Его мучила жажда. Он сошел по крутому обрыву к реке и, нагнувшись, зачерпнул воду пригоршней. Зачерпнул и выплеснул на землю: вода была красной от крови…
В этот день, 11 июля, он был в самых опасных местах, носился вихрем под неприятельскими пулями, удивляясь в глубине души тому, что они его не задевали.
ГЛАВА 3
Лермонтову начинало казаться, что он всегда так жил: в боях, переходах, с постоянным чувством опасности и подстерегающей на каждом шагу смерти.
Все прошлое стало вдруг точно историей какого-то другого человека, которую он хорошо знал, но сам не переживал никогда.
Но и в этой тяжелой сумятице дней судьба послала ему радость — человека в солдатской шинели, явившегося по назначению в отряд Галафеева в один из жарких летних дней. Лермонтов увидел новенького, когда тот жадно пил воду.
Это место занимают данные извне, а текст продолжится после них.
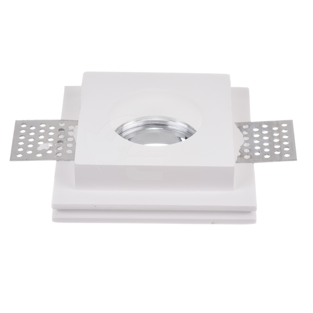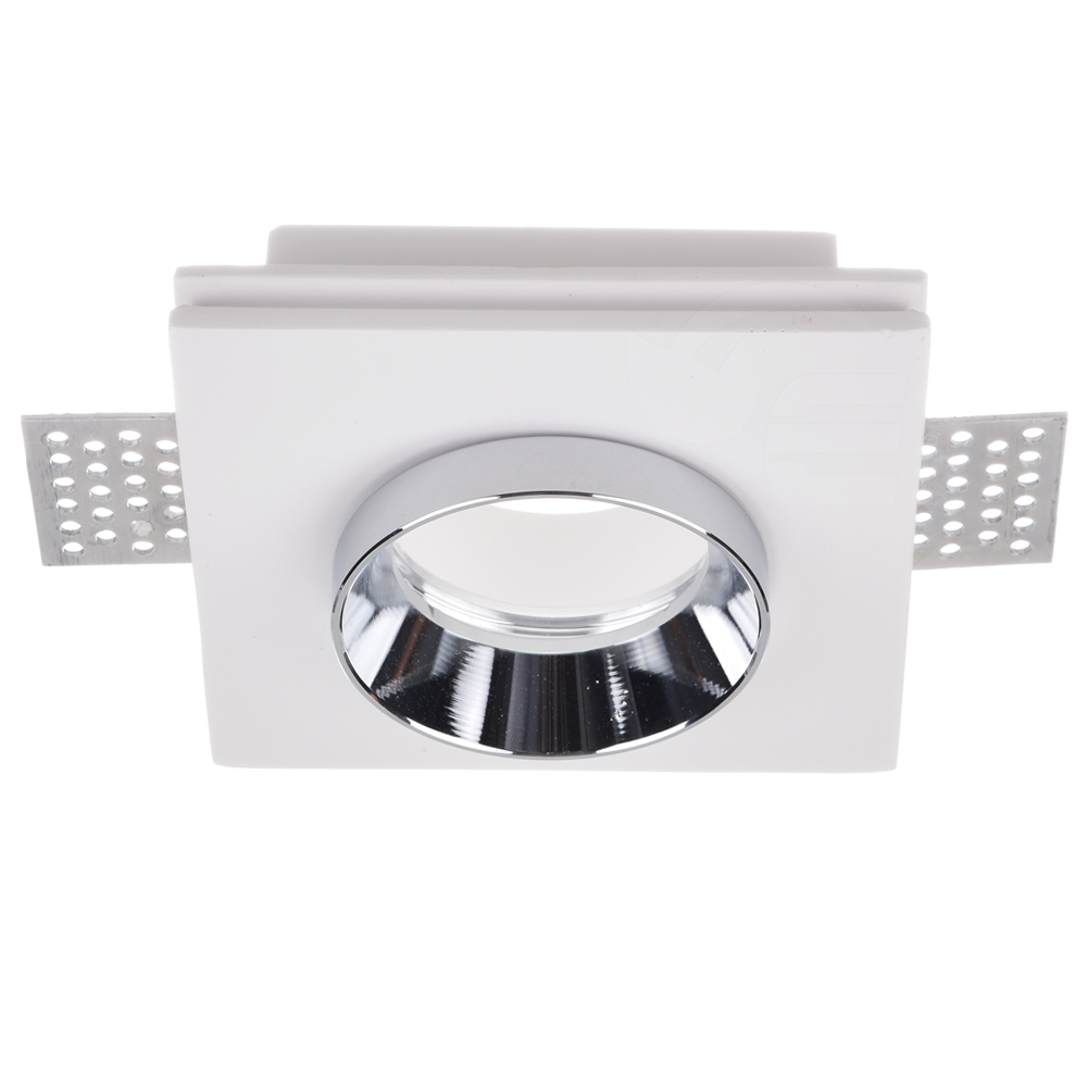 Lampa gipsowa - kwadratowa wykonana z wysokiej jakości gipsu przystosowana do montażu żarówek LED z trzonkiem GU10 o maksymalnej mocy 35W. Produkt wykończony ozdobnym chromowanym pierścieniem wykonanym ze stali, dający niesamowity efekt końcowy. Oprawa przeznaczona do montażu sufitowego poprzez całkowite jej zabudowanie i zlicowanie z sufitem najczęściej z wykorzystaniem płyt karton - gips.
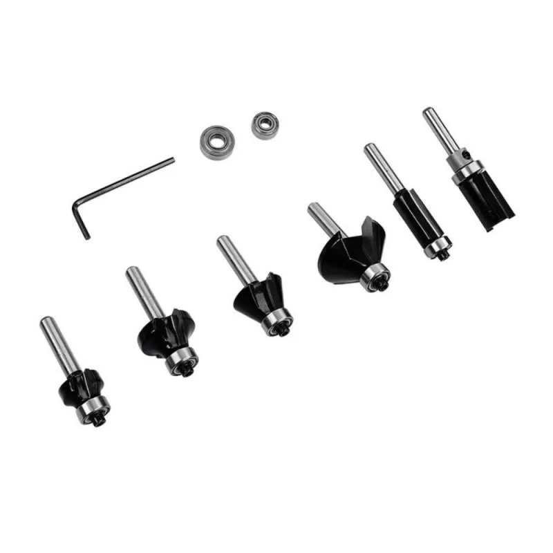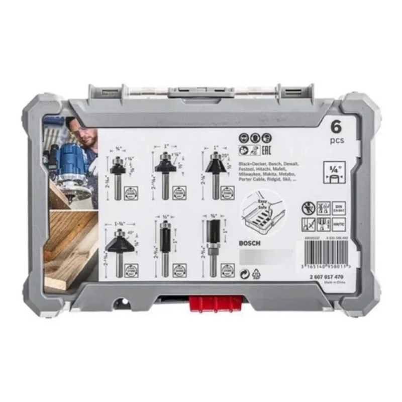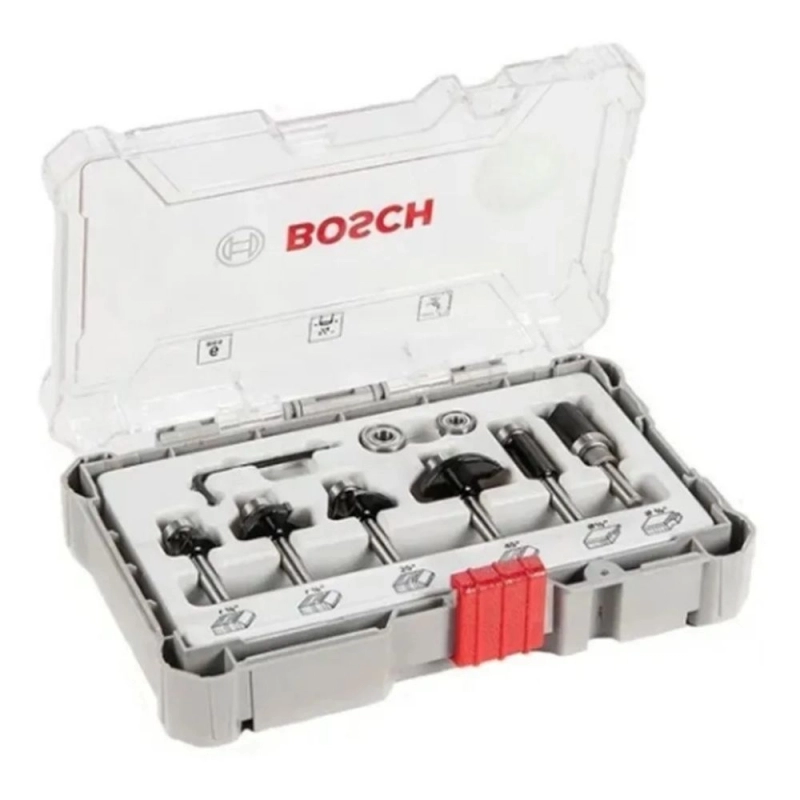 Set de 6 fresas BOSCH de carburo de tungsteno para router, ideal para trabajos de fresado en madera. Incluye perfiles variados para cortes y acabados profesionales.
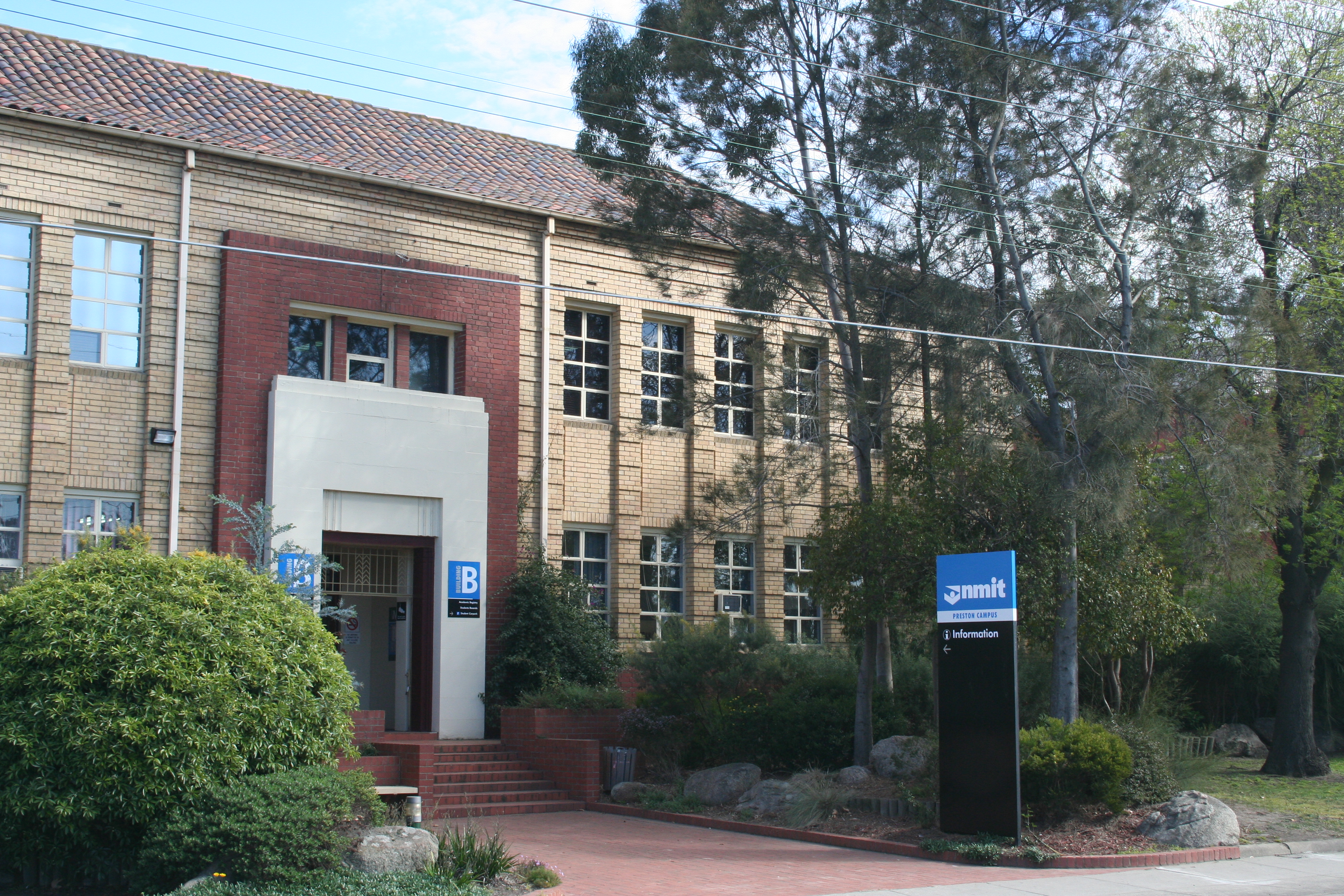 English: Building B, Preston Campus of NMIT from St Georges Road, housing the NMIT Administration. Building was part of the Preston Technical School. |

Солдат поднял голову, глаза их встретились — и Лермонтов узнал Лихарева, живого, настоящего Лихарева, с которым он так сблизился в Ставрополе в 1837 году!
С этого мгновенья при каждом удобном случае оба спешили встретиться.
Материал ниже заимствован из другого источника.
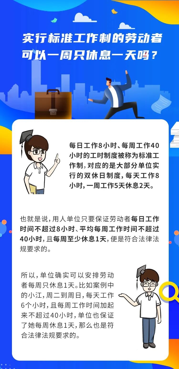 小江最近应聘到一家美术馆工作,担任讲解员。双方合同约定,小江的岗位实行标准工作制,每周一休息,每天工作6个小时。小江疑惑,她的双休日怎么不见了呢?公司这样约定没问题吗?来看解读↓
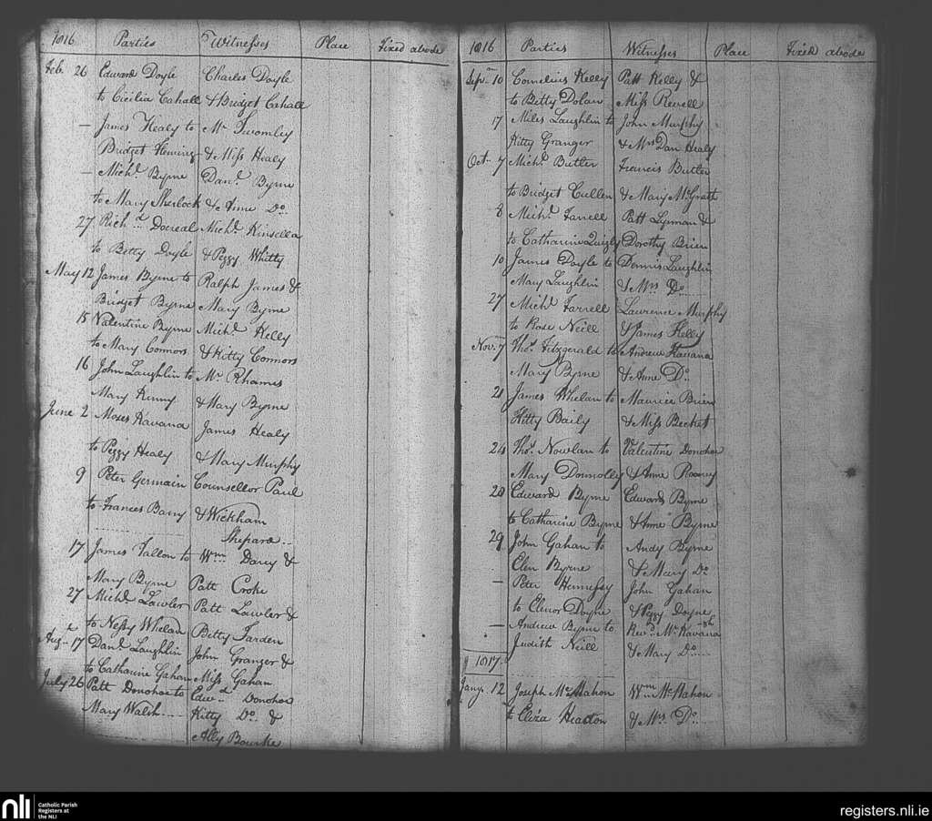 Clonmore; County of Wicklow, Carlow; Diocese of Kildare and Leighlin. Marriages, Feb. 1816 to Jan. 1817
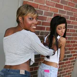 Rashae has always been a negative influence on Nadia Pariss. You could say that they are the Yin and Yang of black sluts and things are about to get interesting. Rashae has literally dragged Nadia to this public restroom in order to give Nadia an official welcome to the world of the gloryhole. Nadia's reluctnace is met with Rashae's insistance that both black girls enter the public restroom in search of some anonymous white cock. Rashae and Nadia get the experience of their young lives when a beefy white cock pokes through the hole in the wall. Nadia and Rashae take turns treating the wall to their tongues and wind pipes. We see both black sluts fight over an anonymous white cock until they house his pecker with their fuck boxes. The imprints of their black asses leave a moist residue on the wall that the janitor's going to have a tought time cleaning off. The only remaining thing to do is for Rashae to jerk off that faceless honky right into Nadia's eager mouth. With friends like Rashae who needs enemies?
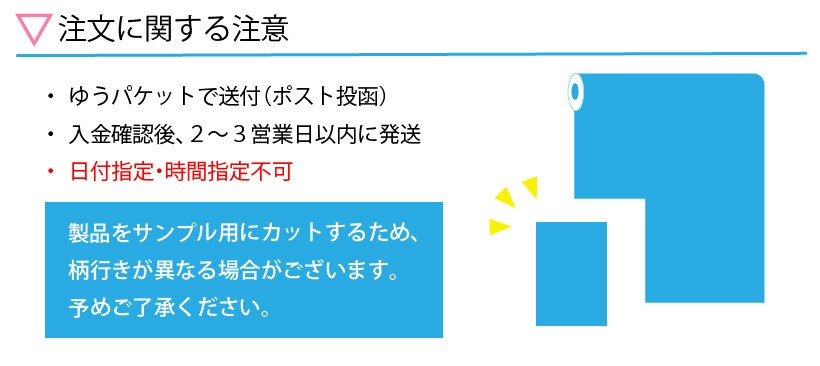 サンプルはゆうパケット(ポスト投函)で発送致します。

Как хорошо бывало, прислушиваясь к редким выстрелам, поспорить о философии Гегеля, вспомнить музыку пушкинских строф!
Как-то в сумерки они шли по вытоптанному полю.
— Скажите, Михаил Юрьевич, зачем вы так жизнью не дорожите? — спросил Лихарев, остановившись и всматриваясь в обросшее небольшими баками худое, загорелое лицо Лермонтова. — Я наблюдал за вами: где опасно — там и вы. Одоевский вас за это сильно бы побранил.
— Нет, Владимир Николаевич, узнав причину, он не бранил бы.
— А в чем же причина?
Лермонтов усмехнулся.
— Во-первых, пуля меня не берет. А я люблю жизнь и чту ее. Вот потому и стараюсь в каждом деле быть в опасности.
Лихарев молча с удивлением посмотрел на него.
— Я вам скажу, друг мой, — продолжал Лермонтов, — то же самое, что сказал, прощаясь с Карамзиными: ежели хотите мне счастья, пожелайте мне получить рану, конечно, не слишком тяжелую. Авось хоть за нее дадут отставку!
— А вы хотели бы?
— Ох, еще бы! — ответил Лермонтов, взяв Лихарева под руку. — У меня столько планов в голове и столько стихов в сердце! Да еще трилогия из истории русской, которую я непременно должен написать!
— Михаил Юрьевич, честное слово, больше, чем для себя, хотел бы свободы для вас!
— Спасибо, голубчик, — мягко ответил Лермонтов.
Невдалеке щелкнул выстрел, и Лермонтов почувствовал, что Лихарев падает.
Он бросился поднимать его. Пуля, попав в спину, прошла навылет, и сердце уже не билось.
Лермонтов бросился в сторону выстрела.
Он никого не нашел. А вернувшись к телу Лихарева, не нашел и тела — только обезображенная груда изрубленных останков лежала в луже крови.
В ту ночь он ушел один в горы и вернулся на заре.
ГЛАВА 4
Летний поход в Чечню закончился. Побывав в Пятигорске, Лермонтов через некоторое время вновь вернулся в отряд Галафеева. 26 октября отряд выступил из крепости Грозной через Ханкальское ущелье к реке Аргуну — во вторую экспедицию. Лермонтов был прикомандирован к кавалерии отряда.
После окончания одного из переходов, в октябрьский, еще совсем теплый вечер Лермонтов писал в своей палатке, торопясь кончить до наступления темноты, и не заметил волнения, внезапно вспыхнувшего среди солдат.